CN113981333A

CN113981333A - High-entropy-enhancement amorphous alloy composite material and preparation method thereof

Info

Publication number: CN113981333A
Application number: CN202111207394.4A
Authority: CN
Inventors: 陈冰清; 梁家誉; 闫泰起; 赵梓钧; 雷杨
Original assignee: AECC Beijing Institute of Aeronautical Materials
Current assignee: AECC Beijing Institute of Aeronautical Materials
Priority date: 2021-10-15
Filing date: 2021-10-15
Publication date: 2022-01-28
Anticipated expiration: 2041-10-15
Also published as: CN113981333B

Abstract

The invention belongs to the technical field of composite materials and preparation thereof, and relates to a high-entropy-enhancement amorphous alloy composite material and a preparation method thereof, wherein the preparation method comprises the following steps: the composite material consists of a Cr-Fe-Ni-Ta-Mo-V high-entropy alloy phase reinforced Co-Fe-Ta-La-B amorphous alloy matrix, wherein the volume of a high-entropy phase accounts for 0.1-1% of the total volume of the composite material, and the size of the high-entropy alloy reinforced phase is 30-80 mu m; the amorphous alloy matrix comprises the following components in atomic percentage: 15-25% of Fe, 2-10% of Ta, 11-17% of La, 15-25% of B and the balance of Co; the high-entropy alloy reinforcing phase comprises the following components in percentage by atom: 15-25% of Fe, 10-20% of Ni, 15-25% of Ta, 7-16% of Mo, 10-20% of V and the balance of Cr; the block high-entropy reinforced amorphous alloy composite material is finally obtained by adopting a laser additive manufacturing technology, and the plasticity and the toughness of the composite material can be enhanced.

Description

High-entropy-enhancement amorphous alloy composite material and preparation method thereof

Technical Field

The invention belongs to the technical field of composite materials and preparation thereof, and relates to a high-entropy-enhancement amorphous alloy composite material and a preparation method thereof.

Background

Compared with the traditional block crystalline material, the block amorphous alloy has high breaking strength and yield strength, high hardness, high specific strength and high elastic limit, and can be used as a high-performance structural material. But the defect in the united states is that the macroscopic plasticity, especially the tensile plasticity of the amorphous alloy is poor, and the amorphous alloy is always the bottleneck of being used as an excellent structural material. The plasticity of amorphous alloys is improved by developing novel amorphous alloy components with high plastic deformation capacity, adding a second phase into an amorphous alloy matrix, performing surface treatment and the like.
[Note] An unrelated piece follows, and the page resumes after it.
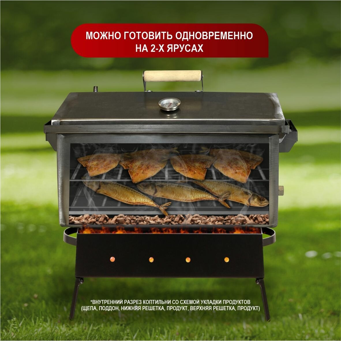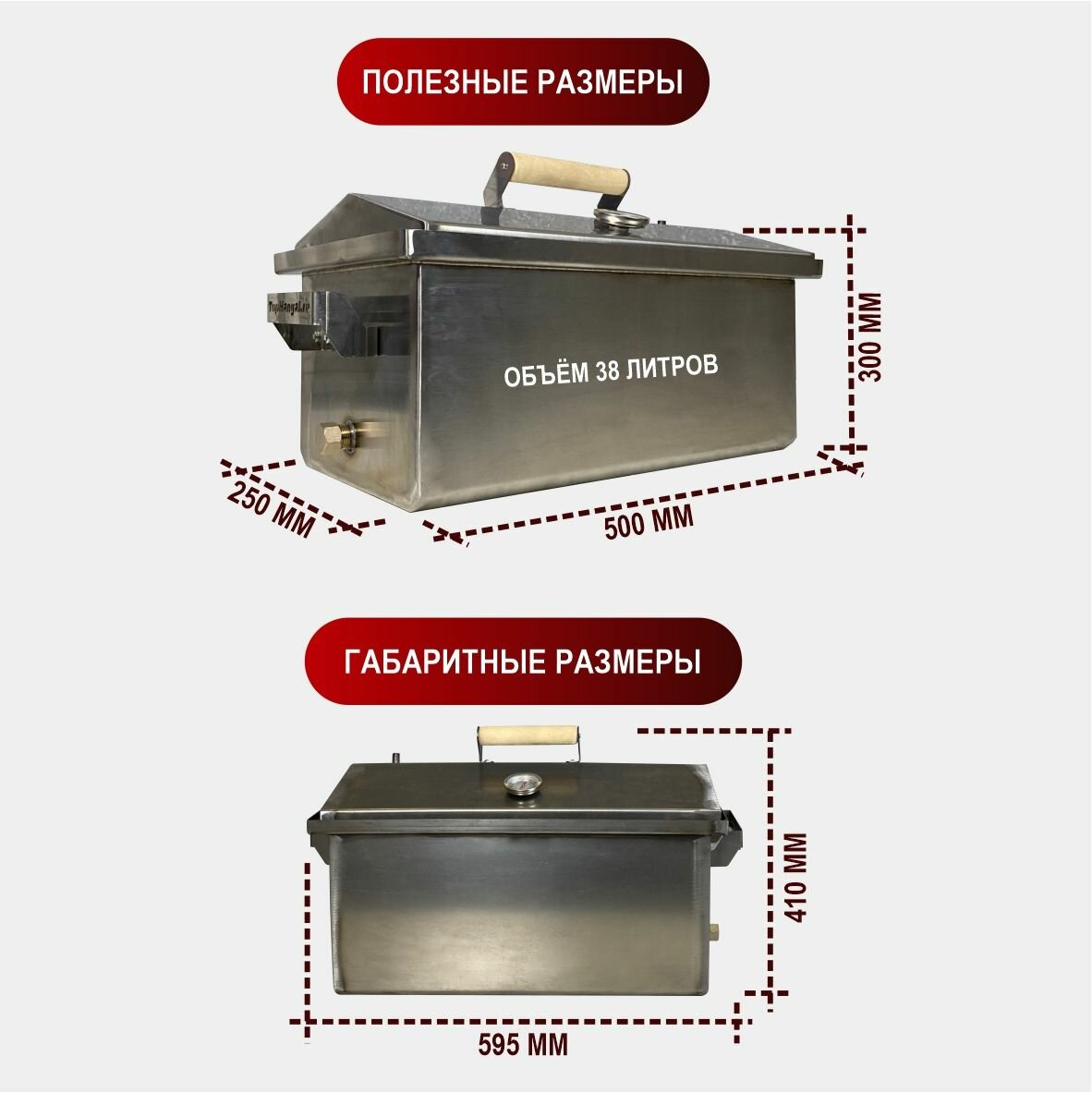 Коптильня горячего и холодного копчения с гидрозатвором с датчиком температуры 2 мм (500*250*300) некрашенная интересное:

For example, finding amorphous alloy compositions with high poisson's ratio that produce more shear bands during deformation is one way to improve the plasticity of amorphous alloys. However, when the components and compositions of the alloy are changed, the plastic deformability of the alloy is also changed accordingly. Meanwhile, the amorphous forming ability of the alloy is also in close relation with the components of the alloy, so that the alloy with high amorphous forming ability is difficult to find and has high plastic deformation ability. Therefore, the problem of plasticity of amorphous alloys cannot be completely solved by developing alloys with large poisson's ratio.

Because the amorphous alloy does not have defects in crystals, a second phase is added into an amorphous matrix by an external addition method to prevent the instability expansion of the shear band, so that the method is a better method for improving the plasticity of the amorphous alloy. Designing a material with high thermodynamic stability and high plasticity as a reinforcing phase, which is one of key technologies for effectively improving the plasticity of the amorphous alloy; meanwhile, a proper preparation method is adopted, and a second phase is added into the amorphous alloy, so that the enhanced phase particles are uniformly distributed in the amorphous alloy matrix and form good combination with the matrix.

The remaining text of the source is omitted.